The CAD flow shown in Fig. 8 is ideal for the baseline FPGA. To make it work for the 3D nFPGA, we need to build various circuit models to capture the specific characteristics of 3D nFPGA architecture. In the architecture specification file of VPR, we need to supply delay values for various combinational circuit paths to enable accurate timing analysis. For example, in Fig. 3, there are paths  $A \rightarrow B$ ,  $B \rightarrow C$ , and  $D \rightarrow C$ , etc. We need to have corresponding equivalent circuits to implement these paths in 3D nFPGA. The difference now is that part of the path may go through a CNT bundle via or a nanodevice and may also go vertically instead of horizontally compared to the baseline case. We extract these different paths for 3D nFPGA and perform HSPICE simulation to compute their delays.
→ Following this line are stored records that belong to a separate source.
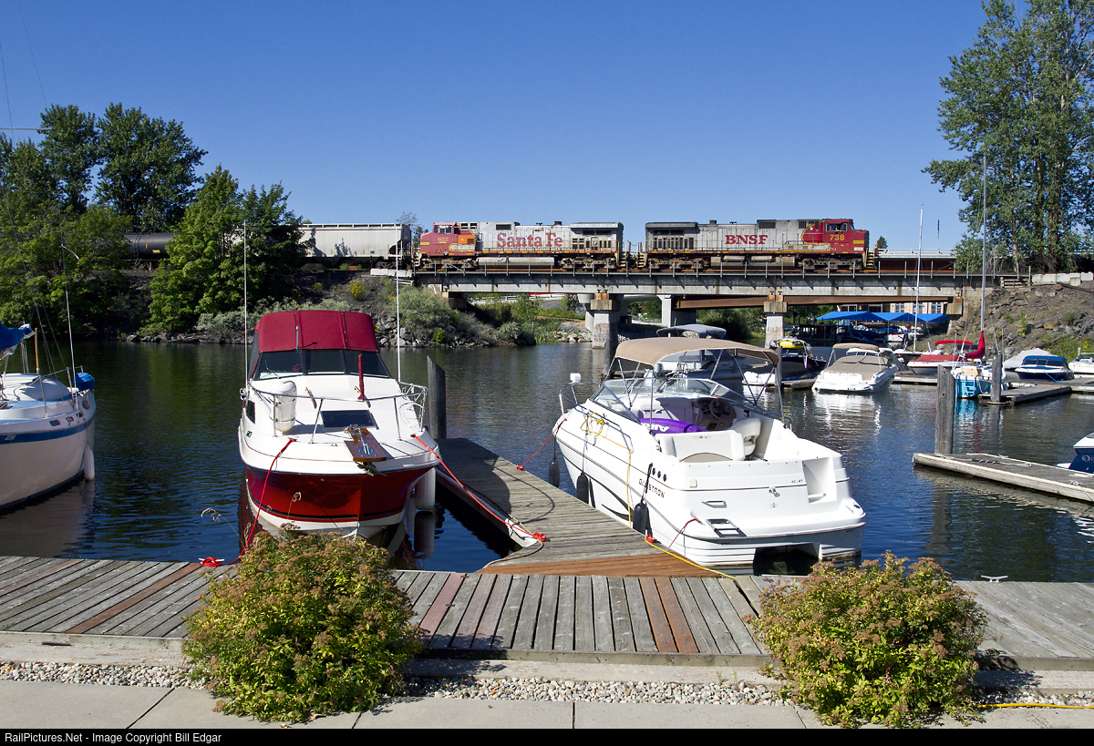 | BNSF 738 leads a freight northward through Sandpoint at the marina on the shore of Lake Pend Oreille. Vintage ATSF Dash 9, BNSF 622, trails still wearing its 19 year old original Santa Fe colors with apologizes for the orange air conditioner. The unit was built in February 1994 as ATSF 622. |
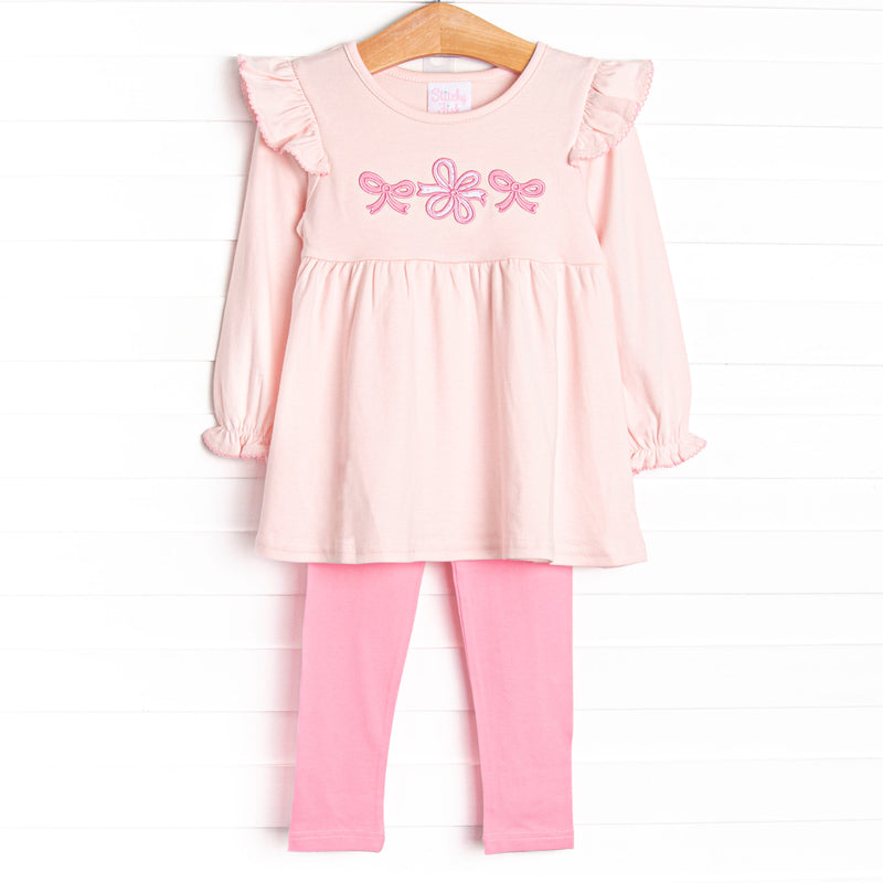 Wrapped in Ribbons Applique Legging Set, Pink
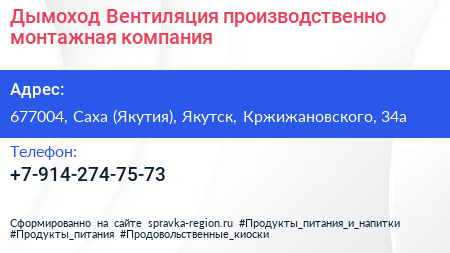 Дымоход & Вентиляция, производственно-монтажная компания по адресу 677004, Саха (Якутия), Якутск, Кржижановского, 34а в дальнейшем Организация, размещена в следующих категориях:

As shown in Fig. 3, the wire track to the CLB input path  $A \rightarrow B$  of baseline FPGA consists of a buffer and a MUX in a connection

block. For 3D nFPGA, the corresponding path consists of a CNT via between switch and crossbar layers, nanowire segments, and a programmable switch. This path is represented by resistors and capacitors in an equivalent circuit, illustrated in Fig. 9. Other paths are illustrated in Fig. 9 as well.



Figure 9. Extracted equivalent circuits of 3D nFPGA



Figure 10. Equivalent circuit for nanowire crossbar leakage power simulation

In our study, NiSi nanowire and molecular programmable switches are used [6][26]. The insulation material around the nanowires is set to have a dielectric constant of 3.9. Applying the above configurations, we have the following equations for nanowire:

$$R_{nanowire} = \frac{\rho_{nanowire}}{Area} \times L \tag{3}$$

$$C_{nanowire} = \frac{\varepsilon_{OX}}{d} LW \tag{4}$$

where *L* is the nanowire length, and *d* is the thickness of the insulator. Resistivity  $\rho_{nanowire}$  is obtained based on the work of [10]. A unit resistance  $R_0 = 143\Omega/\mu m$  and a unit capacitance  $C_0 = 300aF/\mu m$  are derived. Programmable switch has an ON resistance plus a contact resistance (to nanowire) below 1K $\Omega$ . CNT vias resistances are extracted by using the same models of CNT interconnects assuming an interconnect length of 0.02 $\mu m$ .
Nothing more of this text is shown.